>>>>

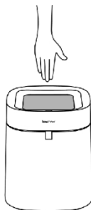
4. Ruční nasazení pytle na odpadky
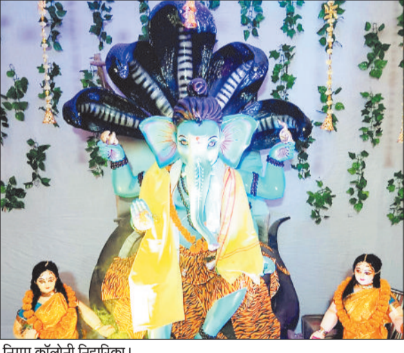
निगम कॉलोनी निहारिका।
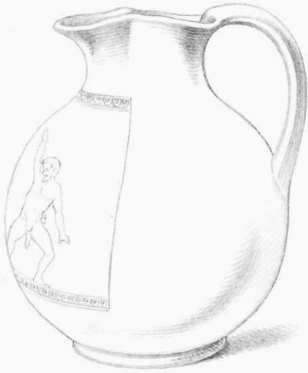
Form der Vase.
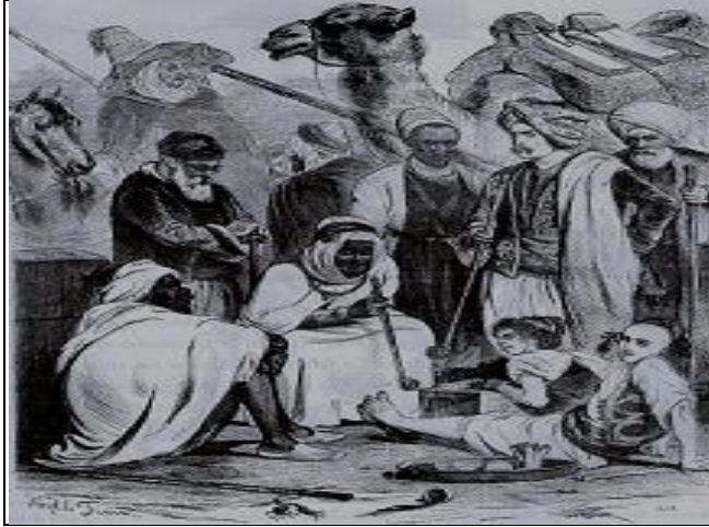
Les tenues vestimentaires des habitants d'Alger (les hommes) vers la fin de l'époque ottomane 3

<<<<

Task item => Quote all the lines above exactly as given. Do not include the pictures.

Exercise answer =>
4. Ruční nasazení pytle na odpadky
निगम कॉलोनी निहारिका।
Form der Vase.
Les tenues vestimentaires des habitants d'Alger (les hommes) vers la fin de l'époque ottomane 3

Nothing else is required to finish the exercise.